Bursting Trends and Fake News on Twitter

This application is developed as an assignment for the lesson Advanced Data Science and Mining, a post graduate lesson in the National Technical Universtiy of Athens, Electrical and Computer Engineering school. The purpose of the assignment is to use services from the IBM Bluemix framework in order to manage big data.

The application consists of three parts. The first part collects Twitter's Trends for a location. You can change the location or use your credentials for the Trends. The collection interval is adjustable. You can change it in the gr.ntua.collector.TrendsCollector class in the @Scheduled(fixedRate = 7200000) parameter changing the fixedRate value. We collect trends every two hours.

The second part is to find bursting Trends. For each collected Trend we seek in the database to find previous occurrences. If there is none, the trend is marked as firstSeen. In the other case, we compute the percent change from the last occurrence.

The third part is to classify a number of tweets as fake or real based on two trained classifiers.

Credentials

To use the application you have to provide a properties file. The application expects a file name credentials.properties in the class path (you can safely create it in the src/main/resources directory). This file has to have the following properties:

twitter.consumer_key=
twitter.consumer_secret=
twitter.access_token=
twitter.access_token.secret=
twitter.trends.place.id=
bluemix.tone_analyzer.username=
bluemix.tone_analyzer.password=
bluemix.natural_language_classifier.classifier_id=
bluemix.natural_language_classifier.username=
bluemix.natural_language_classifier.password=

Apparently you will provide your own credentials for that services.

Fake - Real News Data Sets

The data sets we used to train the Weka classifier and the Bluemix Natural Language Classifier is in the src/main/resouces/dataset directory.

There are three files. The fake_real_news.csv is the original data set which has id, title, text, and label. The bluemix.csv has only the title and label columns from the original data set and it is used to create the tone vectors using Bluemix Tone Analyzer and to train the Bluemix Natural Language Classifier. The results from the Tone Analyzer are in the weka.csv file.

Bluemix Tone Analyzer

We used this service to extract a feature vector for each train instance from the bluemix.csv file. This service returns float values between zero and one for the attributes: anger,disgust,fear,joy,sadness,analytical,confident,tentative,openness,conscientiousness,extraversion,agreeableness,neuroticism.

Weka Classifier

The file with the feature values from the Tone Analyzer is used to create a Random Forest classifier from the Weka classifiers. This classifier had the best performance compared with others from the Weka tool box. The trained model is provided in the src/main/resources/weka/RF.model file.

Classification Using Tone Analyzer and Weka

In order to classify a number of tweets, we use the Tone Analyzer to get the features vectors.
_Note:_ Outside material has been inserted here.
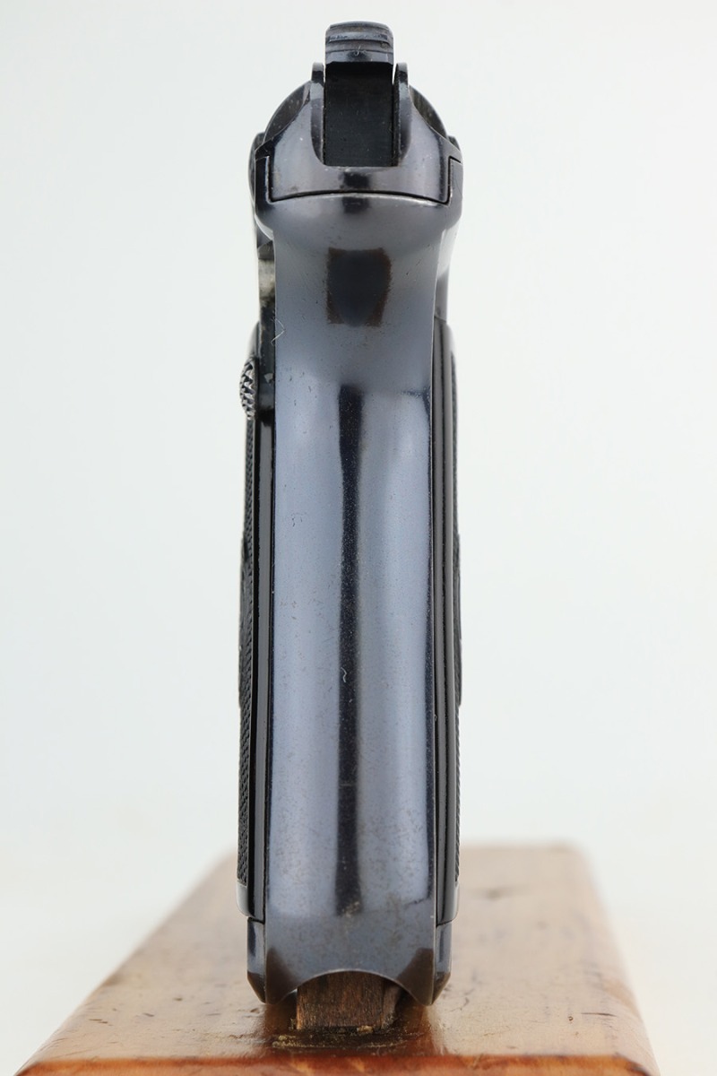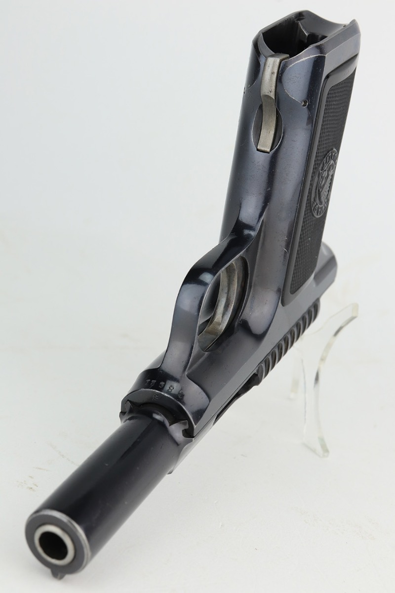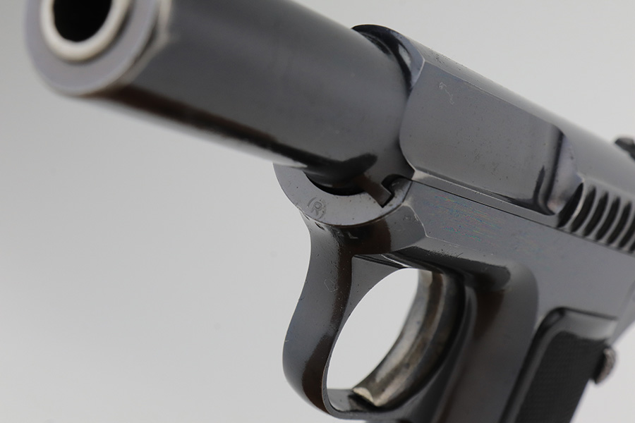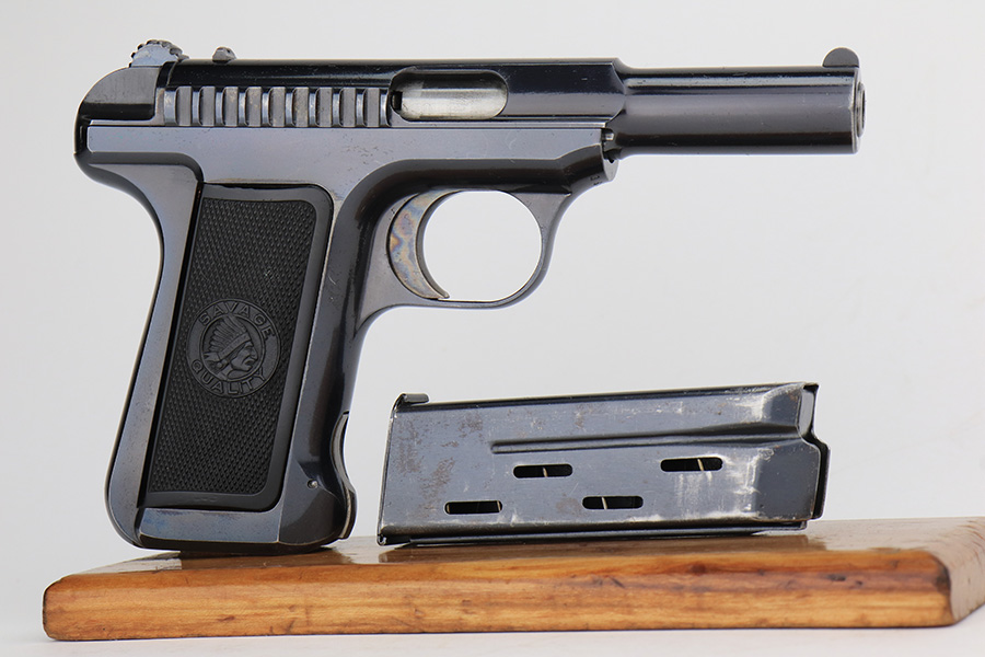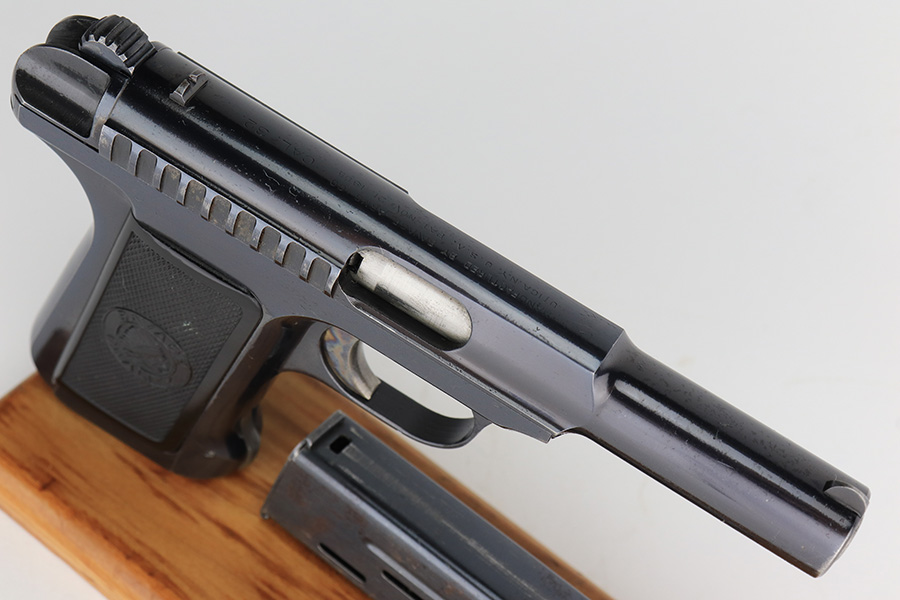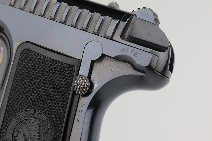 2/1/23 – This is an excellent example of a Savage Model 1907 manufactured in 1911 and chambered in .32 ACP. It has retained about 98% of its original high polish bluing with excellent case-hardening on the trigger. Just very minor wear around the muzzle and on some of the high edges. Just a hint of pin-pricking on the grip straps. Fitted with excellent period-correct black bakelite grips and comes with one proper magazine. Minty bore.

This vector is given to the RF.model and we get a prediction for the class (fake / real) of the tweet.

Bluemix Natural Language Classifier

To train this service we used the bluemix.csv file. This services returns just a classifier id. To use the service we just send the text of the tweet and it returns it's class.

Run the Application

To run the application you have to change database credentials in the src/main/resources/application.properties file. We used MySQL but you can use any database you like.

In a terminal type:

$ mvn spring-boot:run

and open a browser to the localhost:8080 URL. Also take in mind that the port 8080 should not be used by other processes. It's prefered not to use Firefox because it does not support the HTML5 date fields.

To see results and be able to use the application it is recommended to let it run for at least 12 time intervals. Each time interval is the time you have set in the TrendsCollector class. So, if it is two hours, the application should run for 24 hours.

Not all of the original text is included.